Police alleged that they were giving financial and other support
to the Oromo Liberation Front (OLF) which is fighting the
government in the Oromia region. The authorities now also blame
the OLF for bombings in Addis Ababa and Harar earlier this year
-- which the OLF has denied -- and have named three other men
detained in that connection, who are held
incommunicado without having been charged or taken to court.
Background
The Human Rights League was formed among the Oromo community in
Addis Ababa in December 1996. Its stated objectives are to
enlighten citizens on human rights, report on human rights
violations and provide legal aid to victims of human rights
violations. It has applied for official registration and was
about to hold a workshop in Addis Ababa on human rights standard
when these arrests took place.
The Oromo Relief Association, whose funders include Christian
Aid, Norwegian People's Aid, Comic Relief and formerly the
European Commission, has gone to court to challenge its closure
by the government and the seizure of all its assets.
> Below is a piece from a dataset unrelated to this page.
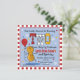 Cute baby peanut with a big red balloon, a big number TWO in red, white and yellow and white and red and white checked border make these fun 2nd birthday party invitations special. Customisable text to add your own child's name and party information. Also available on T-shirts and gifts. PinkInkArt original!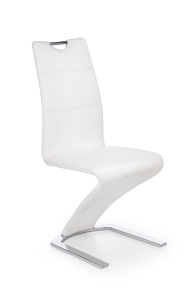 Krzesło białe K188 to elegancki model o nowoczesnej, dynamicznej formie, który przyciąga uwagę swoją lekką i designerską sylwetką. Połączenie białego siedziska z chromowaną podstawą nadaje mu wyjątkowego charakteru. To idealne rozwiązanie dla osób, które poszukują stylowego białego krzesła do jadalni lub salonu.

The Mecha
Tulema Association, founded in the 1960s, is an
officially-recognized Oromo welfare association.
Amnesty International's appeals are part of its campaigning
against widespread human rights violations in Ethiopia, which
include large-scale arbitrary detentions, scores of
"disappearances", torture and extrajudicial executions,
especially against civilians in the areas of armed conflict.